Great looking machines. I was the mechanic for a town for 30 years and we had a 1974 Cat 930 loader. Caterpillar and Mack are the best company's to get parts from for older vehicles. Good luck with them and I hope you get enough snow to keep them busy.


----------



## CAT 245ME (Sep 10, 2006)

At work we have a 1969 CAT 950 & 1980 966C, both loaders were purchased new by my employer and are only used for shoulder spreading after paving. They have never been used in snow. Pretty good shape.

The 966C was one of 30 966C's that was purchased new in one single order in 1980. When they were delivered, they were all parked side by side in a long row in the shop yard. True story.


----------



## CAT 245ME (Sep 10, 2006)

FredG;2059173 said:


> Both fine looking machines. Its nice to recondition them then go for a newer one. I thought I had a operator hired till he called my 1990 dresser 530 a relic. LoL I don't think he's got a job with me.

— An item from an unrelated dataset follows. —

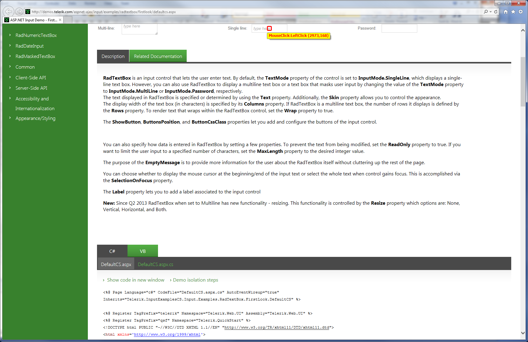 When I attempt to do this I can see that the text is written (If I look closely) but then I get MouseCLick;LeftCLick and timeout waiting for the text. See RadControlsWebApp3_RadTextBox.pdf in zip file (actually real project not sample given which exhibits same problem)

That's interesting, A company near me completely restored a mid 80's Dresser 550. It is just like it came out of the factory, a lot of time went into it and it was put to work in a small quarry after it was completed.


----------



## grandview (Oct 9, 2005)

Should of put some spinners on it


----------



## Masssnowfighter (Sep 22, 2012)

FredG;2059173 said:


> Both fine looking machines. Its nice to recondition them then go for a newer one. I thought I had a operator hired till he called my 1990 dresser 530 a relic. LoL I don't think he's got a job with me.


I agree!! They pay for themselves over and over again, so if you have to sink a few thousand dollars in repairs every couple years its not really that big of a deal. Its a hell of a lot better then flushing $16k down the toilet for a new loader winter rental every year.


----------



## FredG (Oct 15, 2012)

CAT 245ME;2059205 said:


> At work we have a 1969 CAT 950 & 1980 966C, both loaders were purchased new by my employer and are only used for shoulder spreading after paving. They have never been used in snow. Pretty good shape.
> 
> The 966C was one of 30 966C's that was purchased new in one single order in 1980. When they were delivered, they were all parked side by side in a long row in the shop yard. True story.


That is some longevity of them cat machines. Do you only have one 966 left. I have no use for a wheel loader in my summer operations. I sure would like to have both loaders in my snow moving. I have old 70 Terex 72 21 AA detroit been redone, Center pin been done and had professional paint.

Bought in PA nice shape no rust. It will handle a 14ft pusher with ease. Little more noise than I like in cab. Very reliable mostly use for backup.


----------



## Masssnowfighter (Sep 22, 2012)

Fred G, here are my 80's Dresser 540 & International 515 relics that I sold last fall and I replaced them with the big Cat and the Kitty Cat. Instead of upgrading in years I actually went the other direction. Nothing against Dresser or International loaders, I just wanted the piece of mind of being able to get parts fast and easily. Plus i couldn't stand the cab being on the front half of the machine


----------



## FredG (Oct 15, 2012)

Masssnowfighter;2059226 said:


> I agree!! They pay for themselves over and over again, so if you have to sink a few thousand dollars in repairs every couple years its not really that big of a deal. Its a hell of a lot better then flushing $16k down the toilet for a new loader winter rental every year.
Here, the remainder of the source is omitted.